Reading Humanae Vitae

I was avoiding housework spending a FEW minutes browsing, and found a reference to In Humanae Vitae, the much-derided encyclical from Pope Paul VI, in 1968.

The person linking the English translation said that the entire thing was only about 4 pages long.  This intrigued me, and I decided to read the actual document, rather than what I had previously depended on, excerpts and commentaries.

It's worth reading, especially in light of recent developments with the Catholic Church and Obama's HHS.
We are obliged once more to declare that the direct interruption of the generative process already begun and, above all, all direct abortion, even for therapeutic reasons, are to be absolutely excluded as lawful means of regulating the number of children. (14) Equally to be condemned, as the magisterium of the Church has affirmed on many occasions, is direct sterilization, whether of the man or of the woman, whether permanent or temporary. (15)

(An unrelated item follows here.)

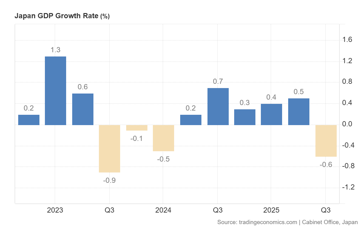 Japan’s GDP decreased by -0.6% quarter-on-quarter, which came in weaker than forecasts and significantly below the previous expansion. The result shows a clear slowdown in economic activity: consumer spending, investment and exports all weakened. This increases investors’ concerns about the pace of economic recovery and the resilience of corporate profits. For Japan’s equity market, such numbers act as a restraining factor. Market participants usually treat a weak GDP print as a signal of elevated risks for companies.

Similarly excluded is any action which either before, at the moment of, or after sexual intercourse, is specifically intended to prevent procreation—whether as an end or as a means. (16)

Those who argue for toleration of a lesser evil are rebuked:
Though it is true that sometimes it is lawful to tolerate a lesser moral evil in order to avoid a greater evil or in order to promote a greater good," it is never lawful, even for the gravest reasons, to do evil that good may come of it (18)—in other words, to intend directly something which of its very nature contradicts the moral order, and which must therefore be judged unworthy of man, even though the intention is to protect or promote the welfare of an individual, of a family or of society in general.

That boldfaced part is in line with Pope Benedict XVI's comments about an HIV-infected person using condoms - it is the lesser evil.

Following sections discuss the other consequences of contraception, which affect the quality of the relationship and the nature of the parents' response to a "failure" of contraception.  It's WELL worth reading.